MedPAC Reviews Part D Spending Trends

On January 12, 2017, during the second session of Medicare Payment Advisory Commission’s (MedPAC’s) January meeting, MedPAC Commissioners evaluated current data concerning trends in Medicare Part D spending and discussed future direction for studies regarding updating the program to reflect current markets. The Commissioners reviewed information about the numbers of stand-alone and Medicare Advantage (MA) prescription drug plans participating in Part D for 2017 and the types of benefit designs they offer, including the number of plans with no premium available to individuals receiving the low-income subsidy (LIS).

While no formal vote was held, the Commission endorsed the recommendations for spring discussion topics and advised that the overall Part D program be reviewed for modern relevance and efficiency. Several Commissioners raised concerns that the program details, created in 2003, were no longer relevant to the current market.

Staff Presentation

Several analysts presented key trends in Part D program spending, drug prices, and strategies plan sponsors use to manage spending. According to staff analysts, in 2016, seventy-two percent (41 million of 57 million Medicare beneficiaries), were enrolled in Part D plans, and another three percent received retiree drug subsidies. The analysts also noted that sixty percent of all Part D enrollees had Prescription Drug Plans (PDPs) in 2016, compared to the forty percent that had Medicare Advantage Prescription Drug (MA-PD) Plans. While there will be sixteen percent fewer PDPs offered in 2017, the analysts assured everyone that broad choice will still exist for beneficiaries – there will be eighteen to twenty-four plan choices in each region.

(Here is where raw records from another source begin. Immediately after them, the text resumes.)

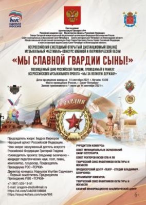 Всероссийский ежегодный открытый дистанционный (online) музыкальный фестиваль-конкурс военной и патриотической песни «Мы славной Гвардии сыны!», проводимый в рамках Всероссийского музыкального проекта «Мы за Великую Державу», приурочен ко Дню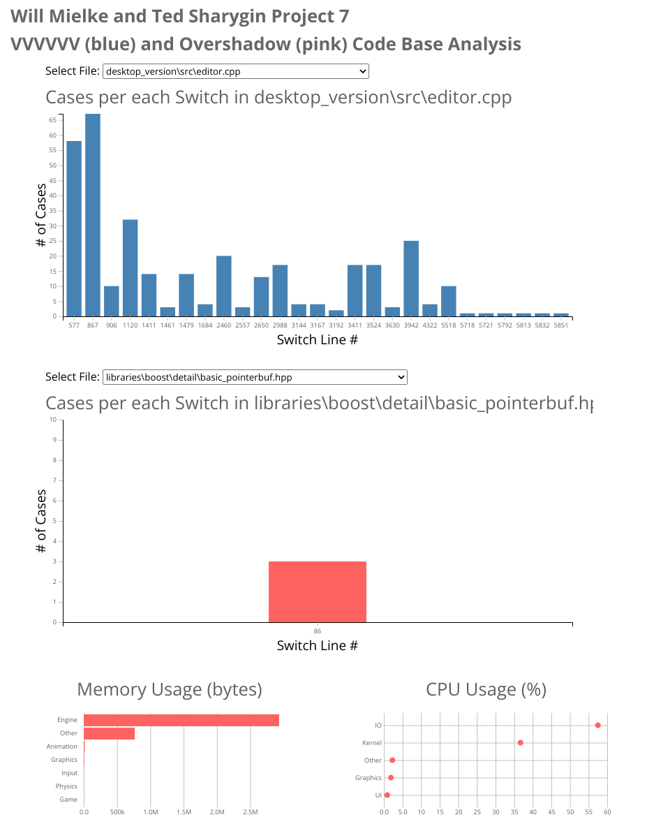 The first two graphs represent the amount of switch cases in each file for each code base. Files with 0 switch case statements were omittied. VVVVVV is the blue bar graph and the pink graph is Overshadow.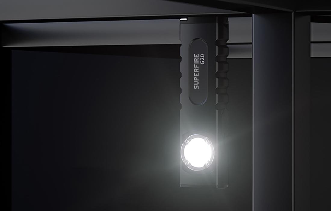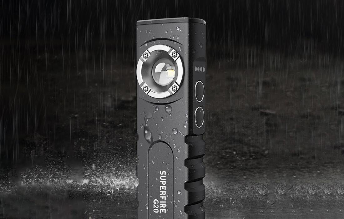 - „Superfire G20“ žibintuvėlis, nepaisant mažo dydžio, stebina puikiomis galimybėmis. Be įprasto apšvietimo, jis taip pat siūlo raudoną lazerį, o dėl IP44 atsparumo vandeniui galite jį naudoti beveik bet kokiomis sąlygomis. Prietaisas vienu įkrovimu gali veikti net 3–6 valandas, o prireikus taip pat galite jį naudoti kaip praktišką maitinimo šaltinį. Žibintuvėlio naudojimą palengvina praktiniai elementai, tokie kaip specialus spaustukas, kabliukas ir magnetinis pagrindas.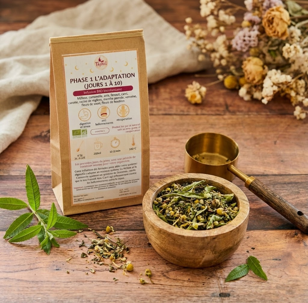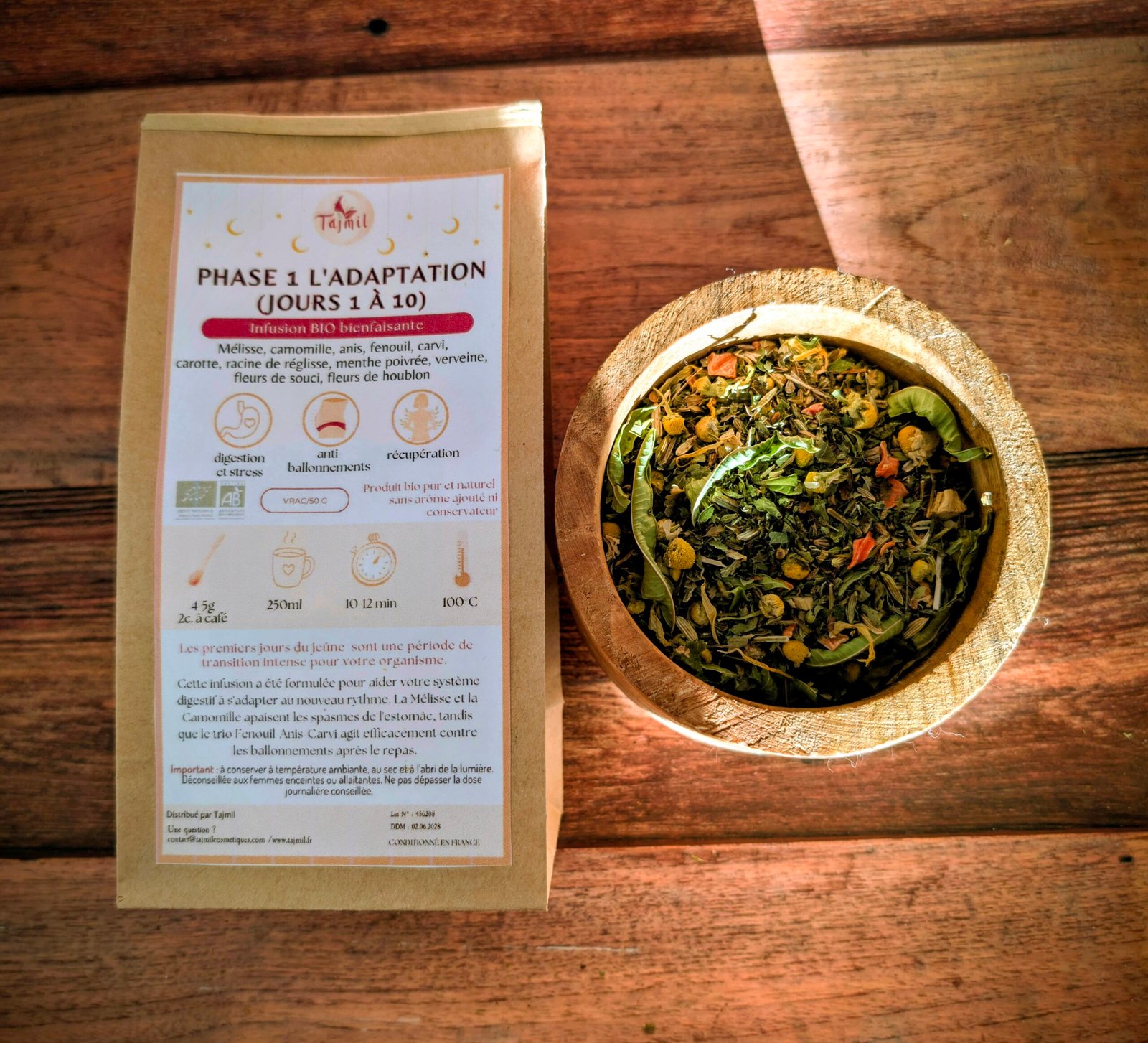 • Du 1er au 10ème jour : Buvez la Tisane L’ADAPTATION juste après le repas pour faciliter la digestion.
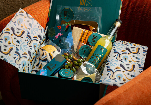 На южном же побережье праздничное настроение получилось поистине итальянским и звонким. В боксе ресторана Юг 22 вы найдете: домашнее Лимончелло, Риет из вяленых томатов с пармезаном, Хамоновое масло, Оливки Чупадедос, Сесину, сыр Манчего, Гриссини с розмарином, Красную икру, а также конфеты с виде лимонов и имбирное печенье.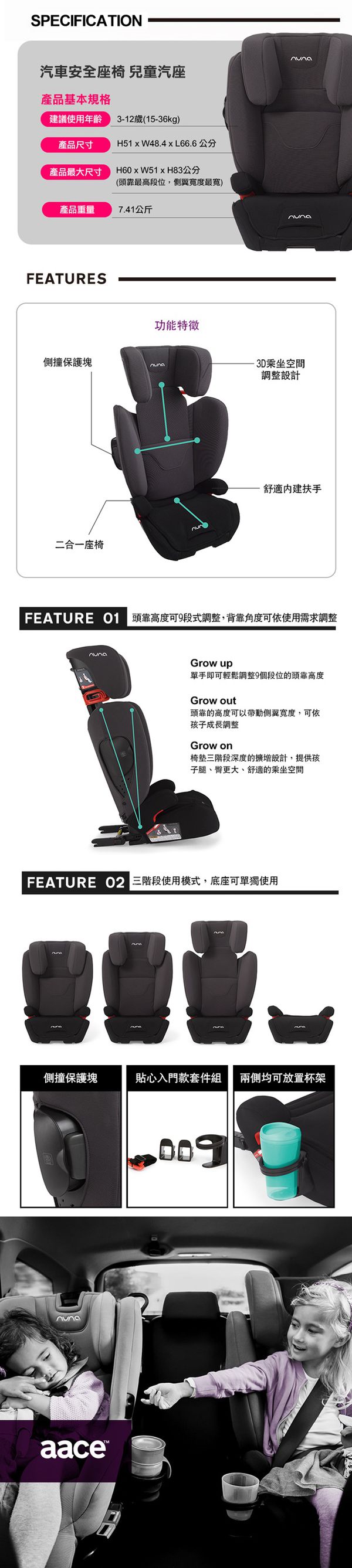 產品尺寸:H51xW48.4xL66.6產品最大尺寸(cm): H60xW51xL83(頭靠最高段位,側翼寬度最寬)座椅內寬: 40cm適用年齡:3-12歲(15-36kg)產品重量:7.41kg材質:塑膠、五金、布產地:中國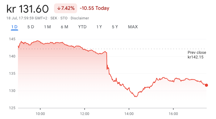 Atlas Copco reported its Q2 earnings last Friday, and the market did not like them at all. The good performance of the stock coming into earnings might have made some believe that the market knew earnings would be good (certainly seemed so!), but the stock dropped like a rock as soon as the report was released: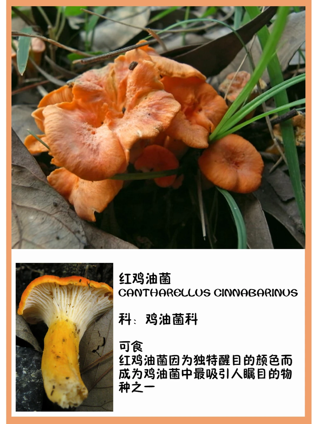 红鸡油菌 Cantharellus cinnabarinus 科:鸡油菌科 图片©manatarka.org ©josef hlasek ©oso 可食 红鸡油菌因为独特醒目的颜色而成为鸡油菌中最吸引人瞩目的物种之一[害羞R] 红鸡油菌子实体很小,所以尽管可以食用,它并没有像鸡油菌那样被大规模采摘并形成商业化出售

The analysts also noted that Part D is seeing consistent growth. While premiums have remained stable between $29 and $31 from 2009 to 2016, enrollment has grown at an average of six percent each year, rising from 24 billion beneficiaries in 2007 to 41 million in 2016. The rate of growth has been higher among non-LIS enrollees than among LIS enrollees.

The analysts identified manufacturer rebates and specialty pharmacies as two essential strategies to manage Part D premiums. Specialty drugs are accounting for greater shares of drug spending, and manufacturers are using limited networks of specialty pharmacies that do not fall under covered plan pharmacy networks.

Direct and indirect remuneration (DIR) was also discussed, and how it has grown, doubling in drug classes with competing therapies since the start of the program. The increase in brand prices more than offsets the effects of generic use. Incentives for plans to put higher-price, high-rebate drugs on formularies is growing due to the generous eighty percent reinsurance rate set by CMS’s formula. In June, the Commission recommended that this rate be lowered to twenty percent, due to reinsurance growing faster than any other category of Medicare spending.

Commissioner Discussion

The Commissioners expressed an “urgent” need to reevaluate the Part D program’s applicability to the modern healthcare system. Commissioner Amy Bricker introduced the notion that the current program does not allow plans to be competitive with the commercial market, thereby crippling their ability to manage rising drug costs. She suggested the ability to make mid-year changes to plan formularies as one example of additional flexibility for plans. She also suggested that more plans would embrace taking on the risk of investing in sole source products if they had more flexibility to manage their benefits, similar to commercial markets.

Commissioner Jack Hoadley, suggested that more transparency between plans and beneficiaries would make extra flexibility for plans viable. He noted that if beneficiaries understand why the changes are being made to their plans, and how they can appeal to retain their old structures, there is likely to be more trust. He proposed that the Commission work together to come up with ideas as to how to better engage plans and beneficiaries, because the current system does not do much to encourage communication. He also asked that the star ratings tool be reworked to better reflect beneficiary experience with specific plans.

Commission Chairman Jay Crosson summed up the discussion with two themes, both of which most Commissioners felt need “urgent action”: (1) is the Part D program pharmaceutically “appropriate”? and (2) is there a need for the program to be updated to better reflect the challenges of the current marketplace. Lastly, Chairman Crosson recommended that the Commission explore incorporating value-based payment methodologies in future discussions.